▶ **WHAT YOU SHOULD DO**
Line by line, set down all the data below exactly, omitting any picture.

▶ **DATA BLOCK**

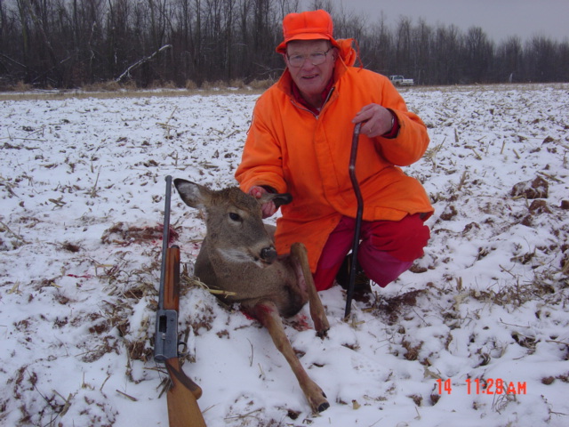 | The file attached is a great shot of 75 year old "Oly" posing with his first deer in a number of years. We helped to kick it out of a small wood patch and finished it off in the plowed field. It was really special to see this veteran hunter, cane in hand, come hobbling through the turned cornstalks to gaze on his prize. Congratulations Oly, Great Job! Edited by Rick Larson 12/14/2003 7:29 PM Attachments ---------------- MyronOlson.jpg (151KB - 128 downloads) | |||
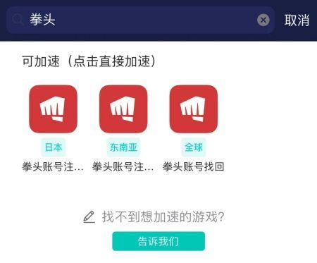 1、进入提速软件后,点击底部“游戏”按钮,右上角搜索游戏“拳头”,选择自己想要注册的地区,然后进行提速。
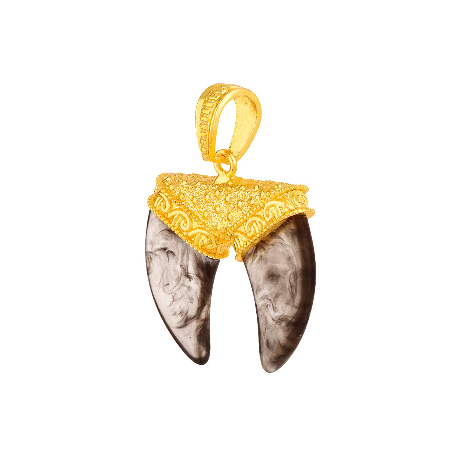 Brass pendant featuring two lion's claws motifs. Yellow gold plated. Pair with casual and even party attire.To make your accessories last longer avoid harsh chemicals and moisture. Keep dry, clean with dry cloth and wear with panache. "India's largest fashion jewelry brand DARE, comes from the House of Voylla as a limited edition of handcrafted accessories for the modern Indian men. |
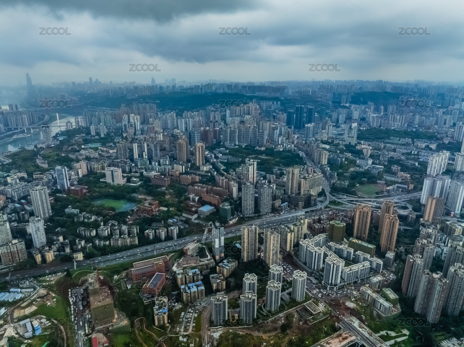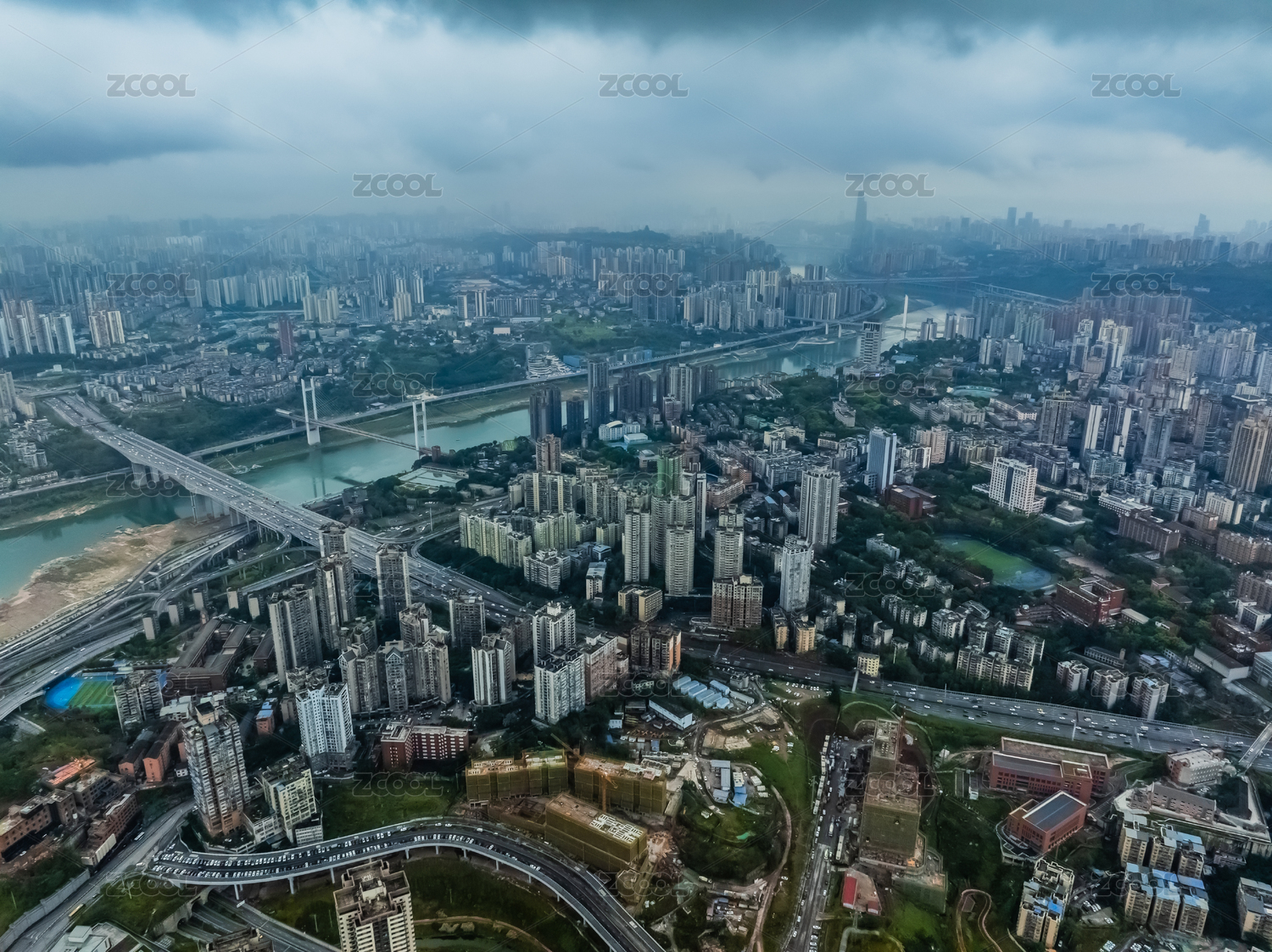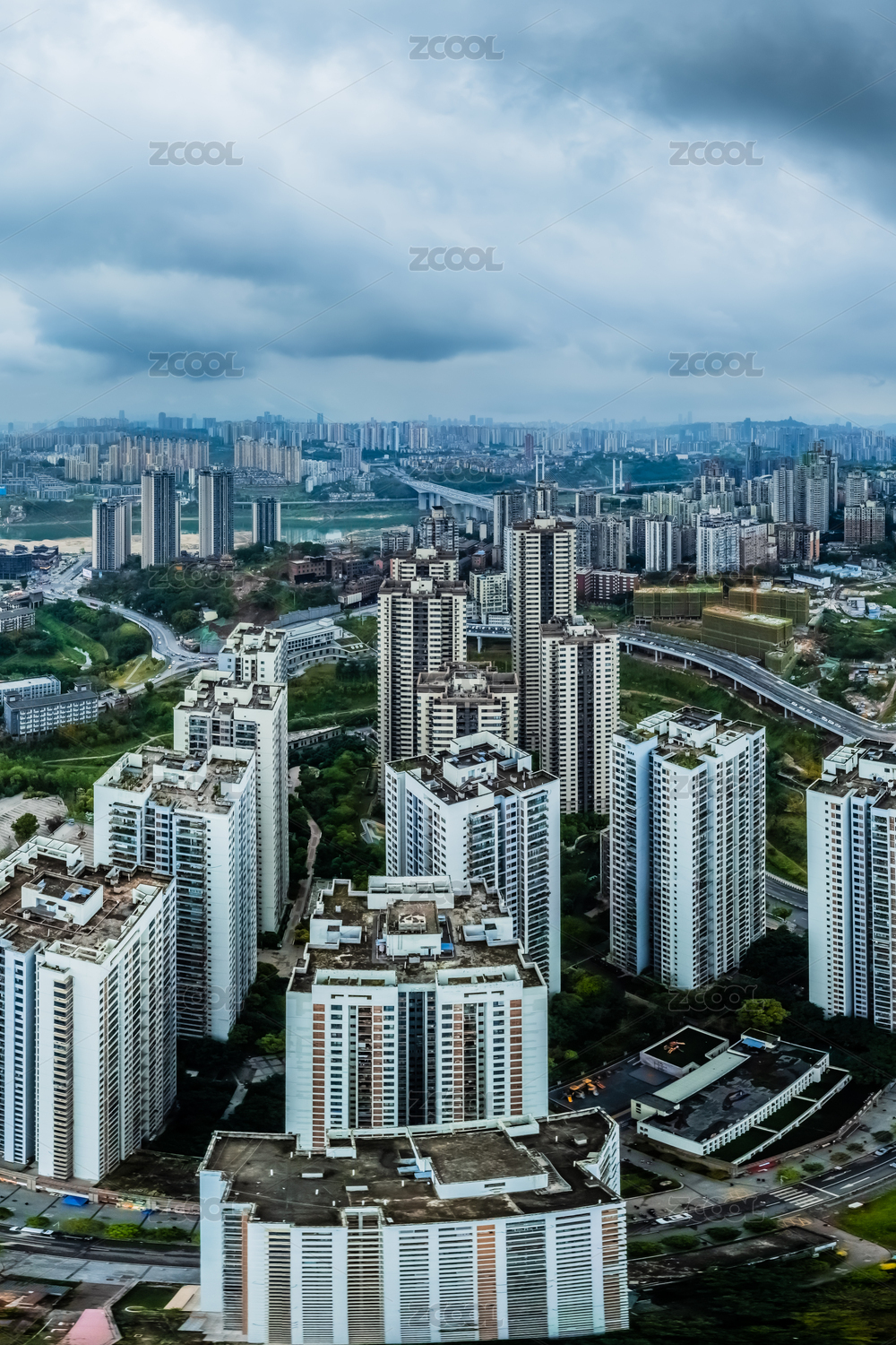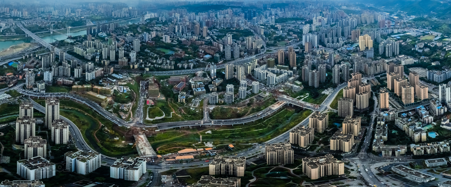 中國(guó)重慶市沙坪壩區(qū)嘉陵江外灘高樓大廈建筑

▶ **OUTPUT**
 | The file attached is a great shot of 75 year old "Oly" posing with his first deer in a number of years. We helped to kick it out of a small wood patch and finished it off in the plowed field. It was really special to see this veteran hunter, cane in hand, come hobbling through the turned cornstalks to gaze on his prize. Congratulations Oly, Great Job! Edited by Rick Larson 12/14/2003 7:29 PM Attachments ---------------- MyronOlson.jpg (151KB - 128 downloads) | |||
 1、进入提速软件后,点击底部“游戏”按钮,右上角搜索游戏“拳头”,选择自己想要注册的地区,然后进行提速。
 Brass pendant featuring two lion's claws motifs. Yellow gold plated. Pair with casual and even party attire.To make your accessories last longer avoid harsh chemicals and moisture. Keep dry, clean with dry cloth and wear with panache. "India's largest fashion jewelry brand DARE, comes from the House of Voylla as a limited edition of handcrafted accessories for the modern Indian men. |
 中國(guó)重慶市沙坪壩區(qū)嘉陵江外灘高樓大廈建筑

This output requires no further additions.